**EXERCISE:**
A faithful copy is needed of the lines below from the one with "Go outside in" up to and including the one with "www.30621SandtrapDrive.com $899,000 Apx"; set it down with no pictures and no other lines.

**DATA FOR THE TASK:**
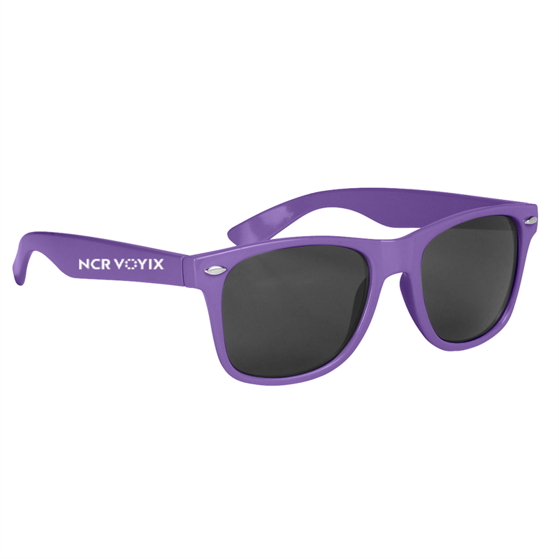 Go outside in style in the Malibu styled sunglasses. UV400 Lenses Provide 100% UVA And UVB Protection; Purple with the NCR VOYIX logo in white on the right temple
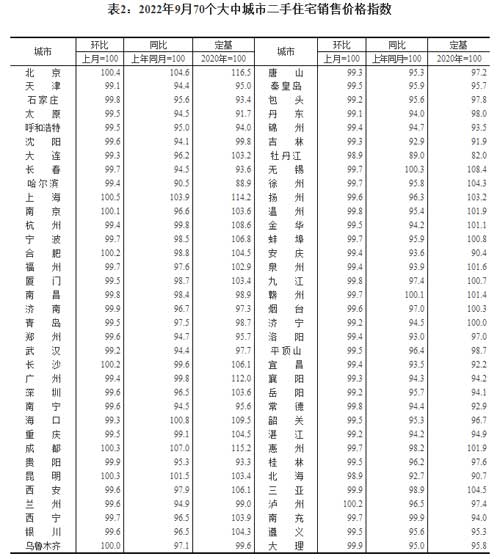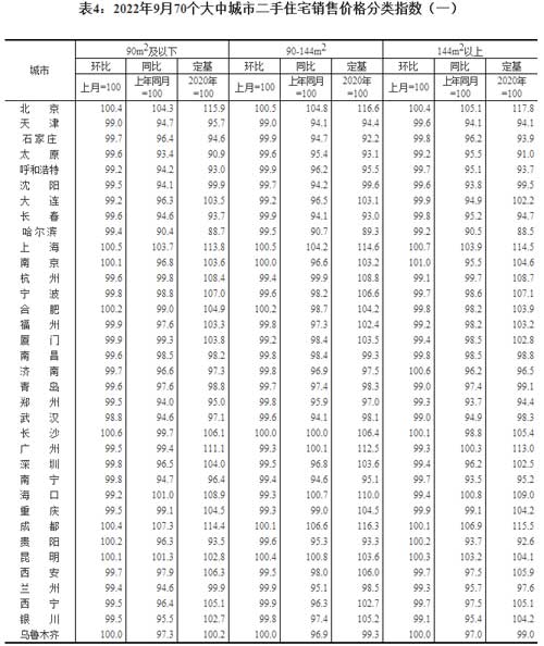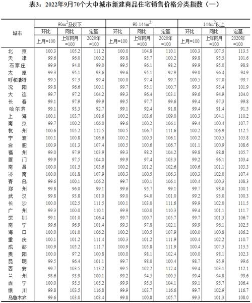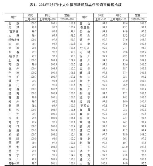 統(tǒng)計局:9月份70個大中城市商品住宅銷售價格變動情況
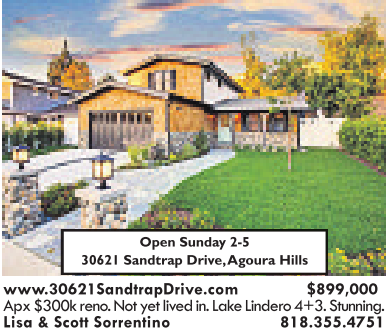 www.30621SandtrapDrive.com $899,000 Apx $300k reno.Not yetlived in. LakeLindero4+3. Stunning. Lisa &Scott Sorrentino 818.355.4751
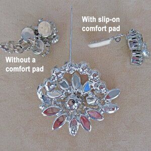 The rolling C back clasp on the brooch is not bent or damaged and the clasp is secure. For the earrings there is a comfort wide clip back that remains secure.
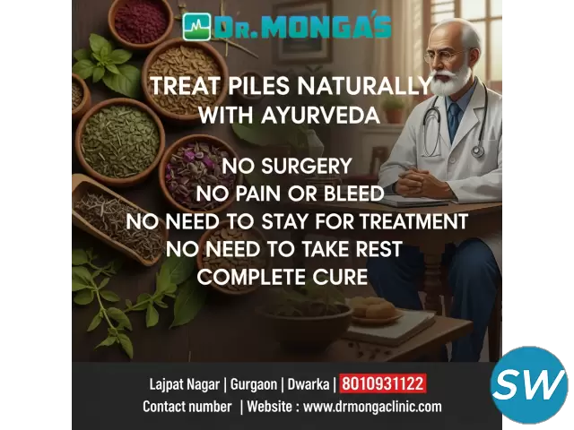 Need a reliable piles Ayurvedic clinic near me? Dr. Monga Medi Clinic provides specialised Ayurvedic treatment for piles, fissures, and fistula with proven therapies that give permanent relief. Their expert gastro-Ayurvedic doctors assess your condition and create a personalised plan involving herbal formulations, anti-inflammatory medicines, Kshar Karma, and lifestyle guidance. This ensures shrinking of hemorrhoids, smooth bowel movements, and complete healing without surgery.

---

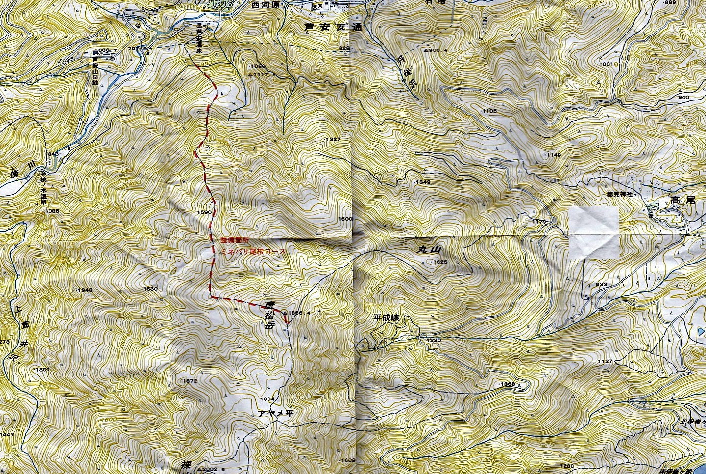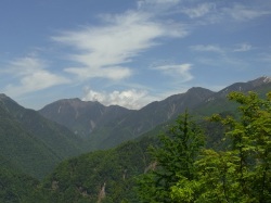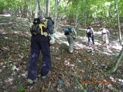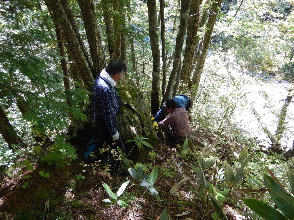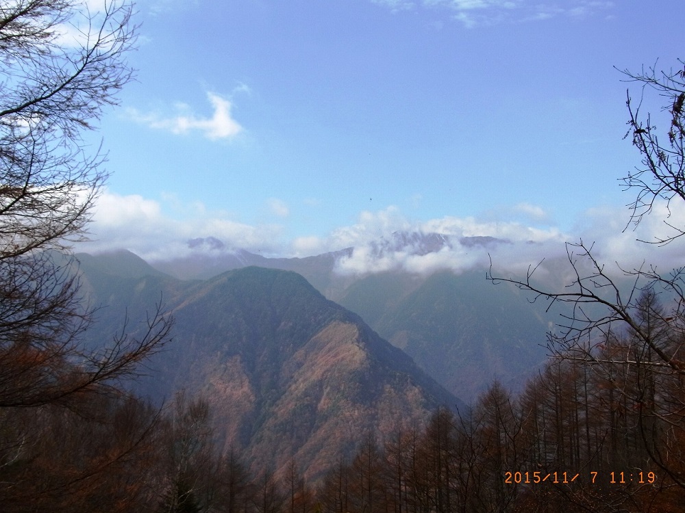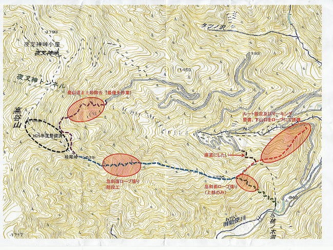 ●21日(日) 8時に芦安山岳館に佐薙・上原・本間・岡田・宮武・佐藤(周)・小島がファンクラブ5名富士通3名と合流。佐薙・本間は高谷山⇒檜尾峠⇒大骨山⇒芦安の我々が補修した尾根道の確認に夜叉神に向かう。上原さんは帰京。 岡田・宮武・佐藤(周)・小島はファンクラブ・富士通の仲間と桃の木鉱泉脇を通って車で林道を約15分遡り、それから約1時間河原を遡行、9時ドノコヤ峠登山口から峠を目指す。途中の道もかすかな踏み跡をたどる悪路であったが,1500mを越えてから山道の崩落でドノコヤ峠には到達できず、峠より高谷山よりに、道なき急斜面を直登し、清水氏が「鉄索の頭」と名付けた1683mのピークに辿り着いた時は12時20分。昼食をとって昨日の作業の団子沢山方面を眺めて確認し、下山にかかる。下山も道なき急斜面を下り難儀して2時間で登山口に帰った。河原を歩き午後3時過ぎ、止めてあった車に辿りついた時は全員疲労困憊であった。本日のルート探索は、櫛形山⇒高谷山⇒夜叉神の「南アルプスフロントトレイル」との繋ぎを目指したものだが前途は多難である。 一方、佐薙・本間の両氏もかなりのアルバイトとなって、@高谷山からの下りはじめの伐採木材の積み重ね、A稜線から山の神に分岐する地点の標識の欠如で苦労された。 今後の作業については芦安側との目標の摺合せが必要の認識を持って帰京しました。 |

**EXPECTED ANSWER:**
 Go outside in style in the Malibu styled sunglasses. UV400 Lenses Provide 100% UVA And UVB Protection; Purple with the NCR VOYIX logo in white on the right temple
 統(tǒng)計局:9月份70個大中城市商品住宅銷售價格變動情況
 www.30621SandtrapDrive.com $899,000 Apx $300k reno.Not yetlived in. LakeLindero4+3. Stunning. Lisa &Scott Sorrentino 818.355.4751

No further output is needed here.